By projecting our images into spherical coordinates and finding feature patches and correspondences between the spherical images, we can take advantage of a rotation-only model which only matches two parameters: a pitch offset and an angle offset (since the pitch is the same for all images since I used a tripod, I could theoretically get away with only angle offset, but I didn’t try this since both methods are nearly identical implementation-wise).

This results in a greatly improved result with noticably less distortion in the foreground:

360 Degree Panorama

After the previous part was completed, I could use the same techniques as before to easily create a 360 degree panorama. I took 12 images of the Berkeley Marina using a tripod:

And the final result:

Reflection

My favorite part of this project was the rectification part. I was surprised to learn that even in cases with pretty extreme skewing, we could stretch the image pretty heavily in our homography without running into any aliasing issues. In the image mosaic portion of the project, I thought it was cool that I could apply my Laplacian pyramid algorithm from before to improve my results .

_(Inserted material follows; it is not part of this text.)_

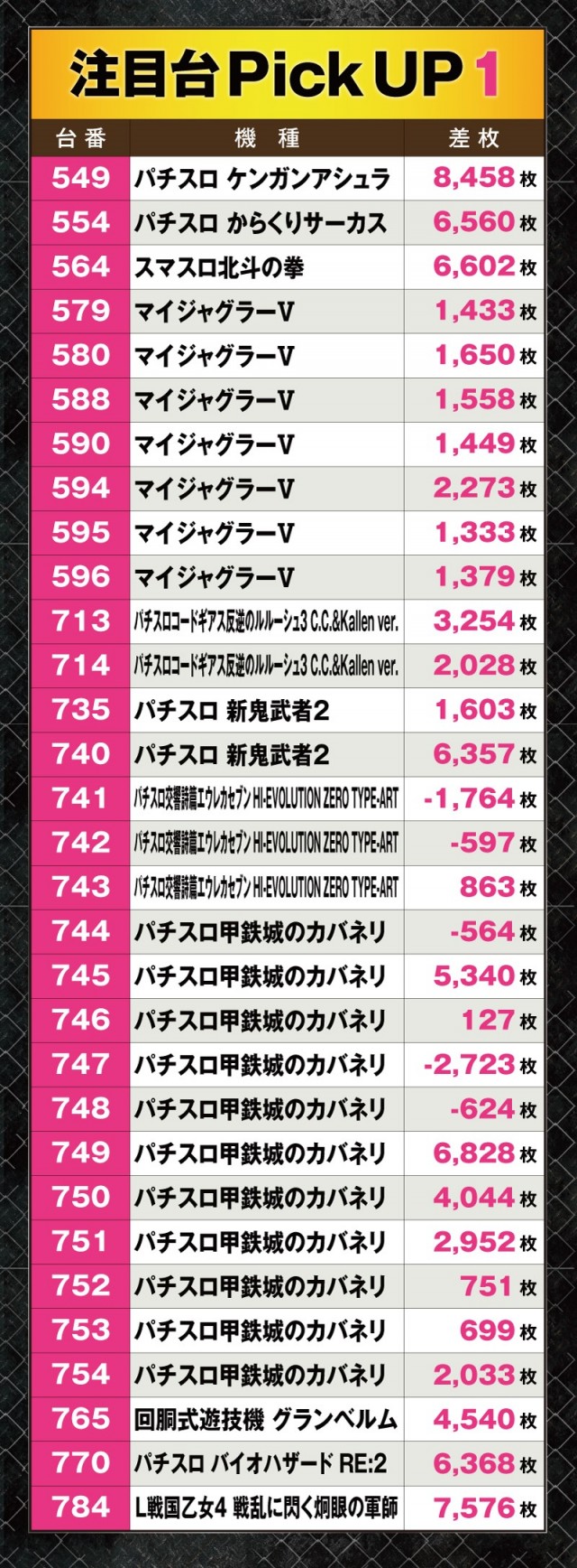 店内状況を見てみると5,000枚を超える好調台が多く、随所で活気が感じられた!なかでも『パチスロ ケンガンアシュラ』が+8,458枚と、機種性能を上手く発揮していたことが印象に残っている。

In the second part of the project, I enjoyed seeing the correspondences between two images slowly emerge after doing ANMS, then matching features, and finally performing RANSAC so only the best correspondences remained.

In implementing the bells and whistles, I was impressed with how much I could automate the process. When I was done, I could just feed in a bunch of images and get multiple panoramas out with no input required from me.

I also liked how we didn’t have to manually mark correspondences after implementing the second part of the project.